> **Work instruction**: Given these entries, repeat exactly the lines starting with the one that has "Spain, Belgium, Greece" and going on through the one that has "Zidne murale Kaligrafska", both included, but none of the pictures.

> **Source information**:

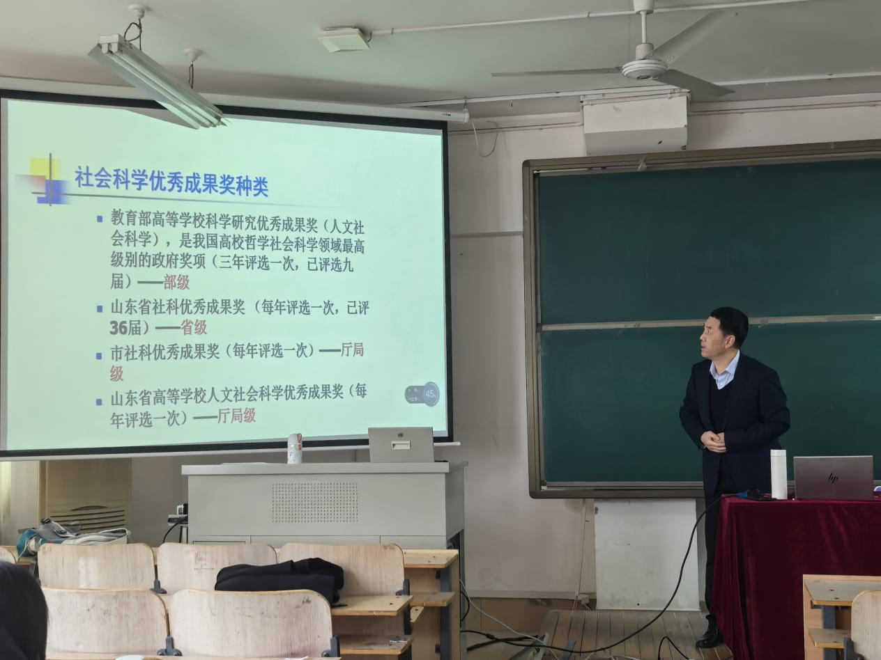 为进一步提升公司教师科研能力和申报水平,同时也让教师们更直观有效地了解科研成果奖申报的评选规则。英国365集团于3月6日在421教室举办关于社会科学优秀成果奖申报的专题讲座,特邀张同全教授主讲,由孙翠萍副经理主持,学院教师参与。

---

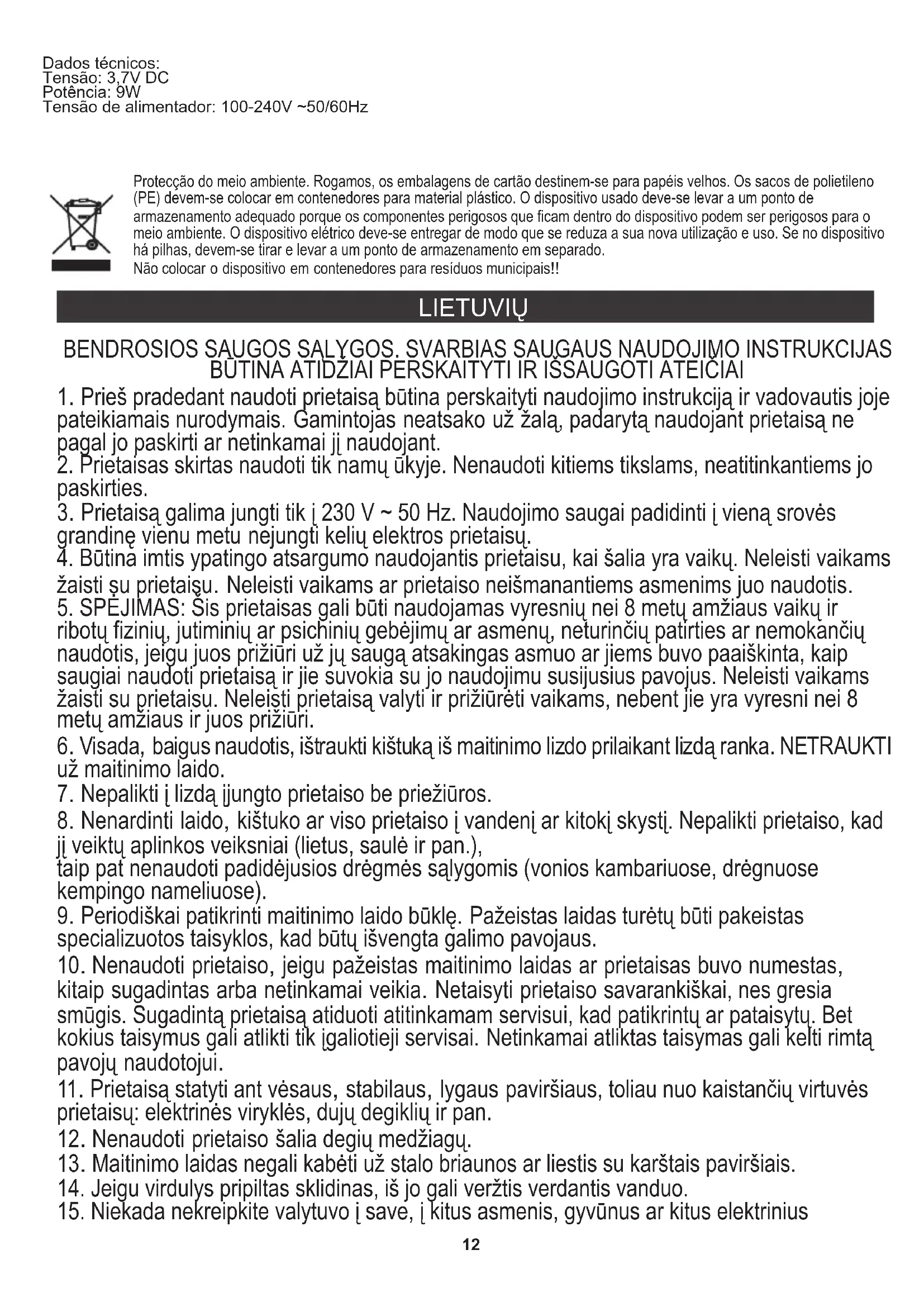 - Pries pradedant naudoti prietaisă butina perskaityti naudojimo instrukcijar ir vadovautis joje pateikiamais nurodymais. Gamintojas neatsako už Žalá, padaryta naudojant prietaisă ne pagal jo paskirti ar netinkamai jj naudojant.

...

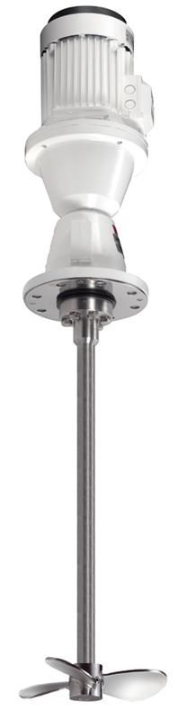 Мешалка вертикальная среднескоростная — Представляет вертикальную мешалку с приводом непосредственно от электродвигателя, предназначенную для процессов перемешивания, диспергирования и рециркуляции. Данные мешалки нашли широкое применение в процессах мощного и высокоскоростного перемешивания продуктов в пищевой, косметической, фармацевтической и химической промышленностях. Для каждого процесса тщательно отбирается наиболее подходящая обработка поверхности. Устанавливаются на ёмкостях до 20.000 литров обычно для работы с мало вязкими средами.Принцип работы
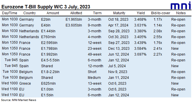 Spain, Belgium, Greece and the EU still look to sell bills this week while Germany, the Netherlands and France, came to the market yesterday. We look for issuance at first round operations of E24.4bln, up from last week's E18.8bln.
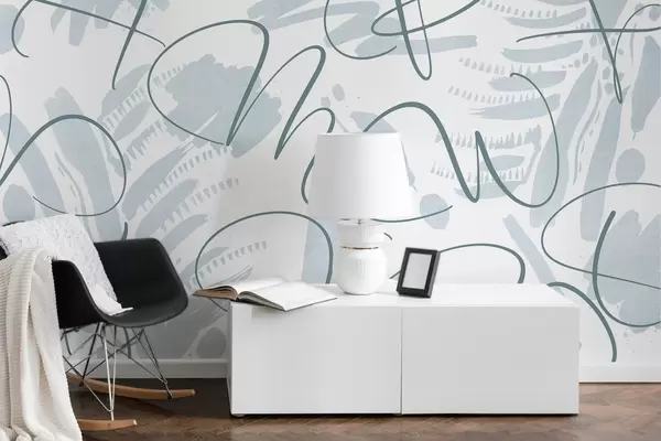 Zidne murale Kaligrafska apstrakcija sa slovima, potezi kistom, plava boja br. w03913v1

> **Task output**:
 Spain, Belgium, Greece and the EU still look to sell bills this week while Germany, the Netherlands and France, came to the market yesterday. We look for issuance at first round operations of E24.4bln, up from last week's E18.8bln.
 Zidne murale Kaligrafska apstrakcija sa slovima, potezi kistom, plava boja br. w03913v1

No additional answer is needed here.